== PROVIDED MATERIAL

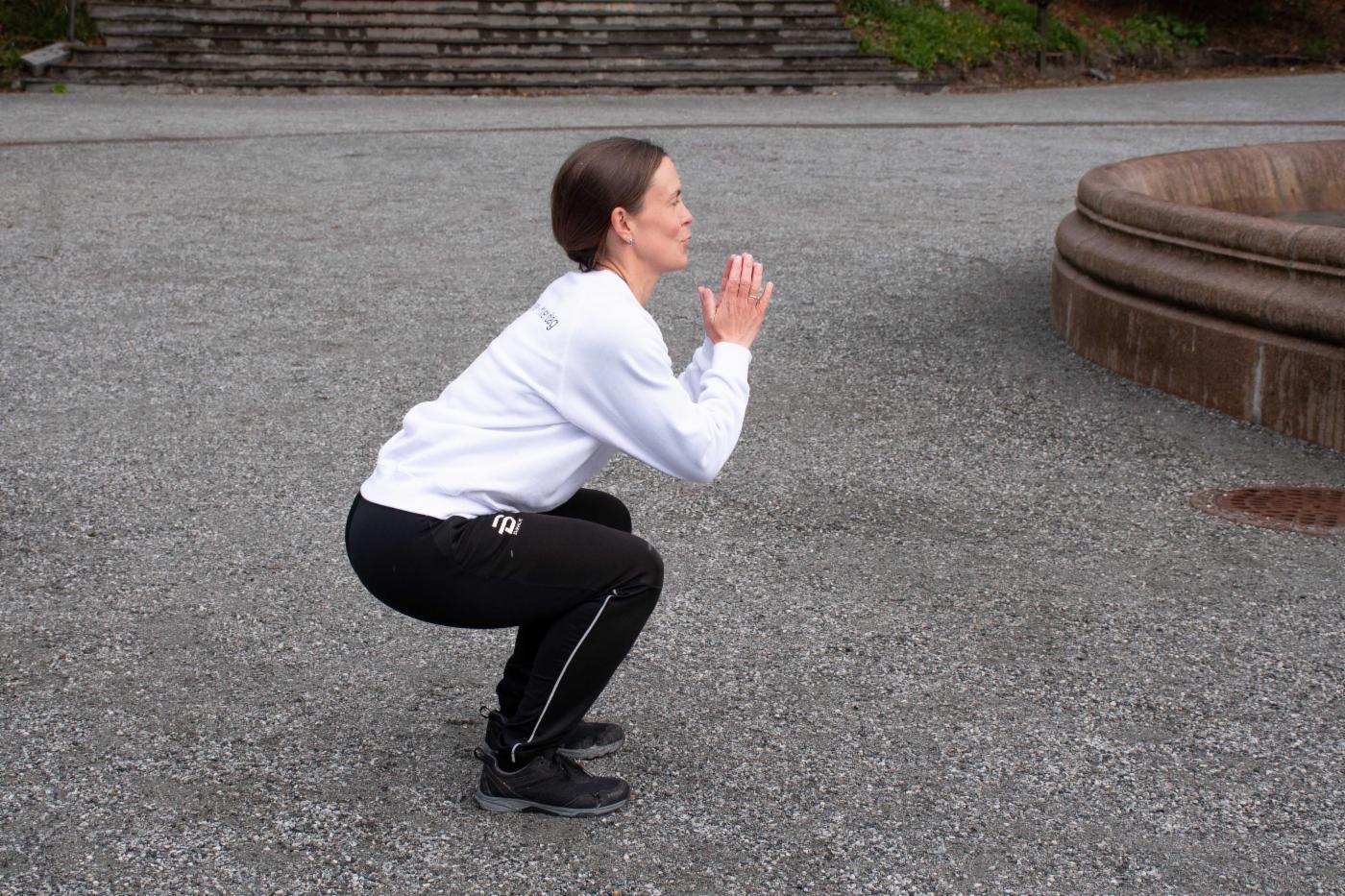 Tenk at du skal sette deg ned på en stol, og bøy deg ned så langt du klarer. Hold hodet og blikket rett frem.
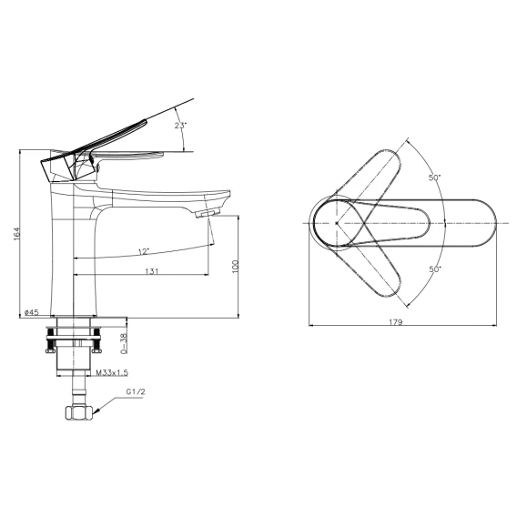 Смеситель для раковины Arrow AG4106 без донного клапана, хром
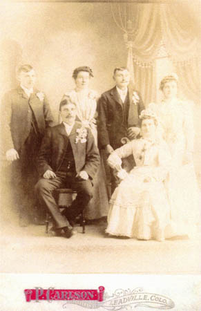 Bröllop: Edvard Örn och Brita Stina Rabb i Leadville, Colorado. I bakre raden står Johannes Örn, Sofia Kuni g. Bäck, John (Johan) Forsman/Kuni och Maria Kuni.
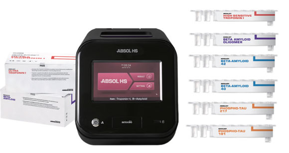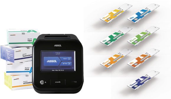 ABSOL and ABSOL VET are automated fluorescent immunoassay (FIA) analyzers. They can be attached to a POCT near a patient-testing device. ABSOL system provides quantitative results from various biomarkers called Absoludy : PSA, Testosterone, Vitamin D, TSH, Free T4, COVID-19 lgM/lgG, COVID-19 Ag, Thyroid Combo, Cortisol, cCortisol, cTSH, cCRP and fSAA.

====

**WORK ORDER**
Copy out the full material exactly. Pictures should not appear in it.

**RESULT FOR THIS EXERCISE**
 Tenk at du skal sette deg ned på en stol, og bøy deg ned så langt du klarer. Hold hodet og blikket rett frem.
 Смеситель для раковины Arrow AG4106 без донного клапана, хром
 Bröllop: Edvard Örn och Brita Stina Rabb i Leadville, Colorado. I bakre raden står Johannes Örn, Sofia Kuni g. Bäck, John (Johan) Forsman/Kuni och Maria Kuni.
 ABSOL and ABSOL VET are automated fluorescent immunoassay (FIA) analyzers. They can be attached to a POCT near a patient-testing device. ABSOL system provides quantitative results from various biomarkers called Absoludy : PSA, Testosterone, Vitamin D, TSH, Free T4, COVID-19 lgM/lgG, COVID-19 Ag, Thyroid Combo, Cortisol, cCortisol, cTSH, cCRP and fSAA.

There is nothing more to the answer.